The worldwide business demand requiring intense problem-solving capabilities for incredibly complex problems has driven in all global industry segments the need for dynamic collaboration of many ubiquitous computing resources to be able to work together. These difficult computational problem-solving needs have now fostered many complexities in virtually all computing technologies, while driving up costs and operational aspects of the technology environments. However, this advanced computing collaboration capability is indeed required in almost all areas of industrial and business problem solving, ranging from scientific studies to commercial solutions to academic endeavors. It is a difficult challenge across all the technical communities to achieve this level of resource collaboration needed for solving these complex and dynamic problems.

3. Why is Grid computing important?

Grid computing is about getting computers to work together. Almost every organization is sitting on top of enormous, unused computing capacity, widely distributed. Mainframes are idle 40% of the time. UNIX servers are actually "serving" something less than 10% of the time. And most PCs do nothing for 95% of a typical day. Imagine an airline with 90% of its fleet on the ground, an automakerwith 40% of its assembly plants idle, a hotel chain with 95% of its rooms unoccupied. With Grid computing, businesses can optimize computing and data resources, pool them for large capacity workloads, share them across networks, and enable collaboration. Many consider Grid computing the next logical step in the evolution of the Internet, and maturing standards and a drop in the cost of bandwidth are fueling the momentum we're experiencing today. Virtualization of the computing environment -- Grid computing -- is a key component of the IBM e-business on demand strategy. Virtualizes your computing environment, automate it, and integrate your business processes and information, and you'll have an on demand operating environment that can transform your business.

4. What Grid computing_can do? .

When you deploy a grid, it will be to meet asset of customer requirements. To better match grid computing capabilities to those requirements, it is useful to keep in mind the reasons for using grid computing. This section describes the most important capabilities of grid computing.

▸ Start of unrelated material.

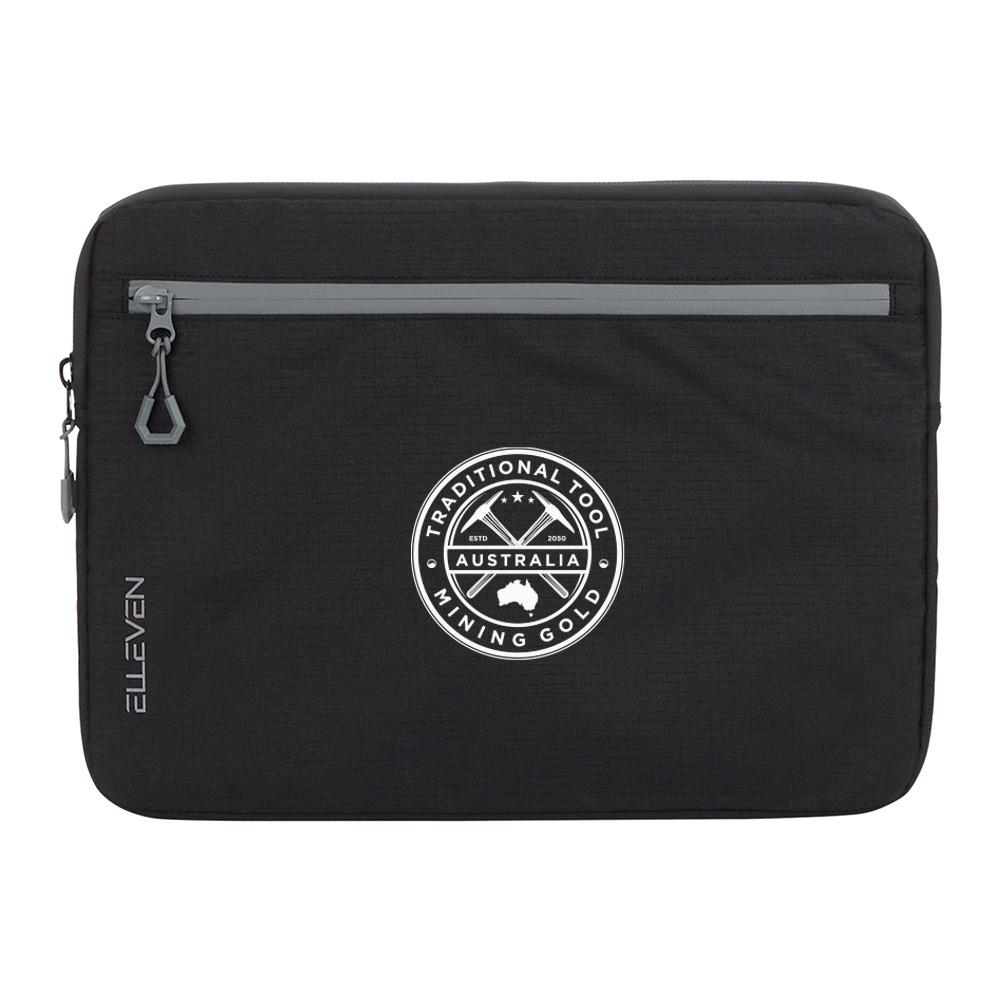 Recycled 16” Laptop Sleeve is the ideal travel companion for your electronics, combining style and sustainability in a slim, modern design. Features both front and back zippered pockets to keep your essentials organized and within reach.

Exploiting underutilized resources

The easiest use of grid computing is to run an existing application on a different machine. The machine on which the application is normally run might be unusually busy due to an unusual peak in activity. The job in question could be run on an idle machine elsewhere on the grid. There are at least two prerequisites for this scenario.

1. The application must be executable remotely and without undue overhead.

2. The remote machine must meet any special hardware/software, or resource requirements imposed by the application.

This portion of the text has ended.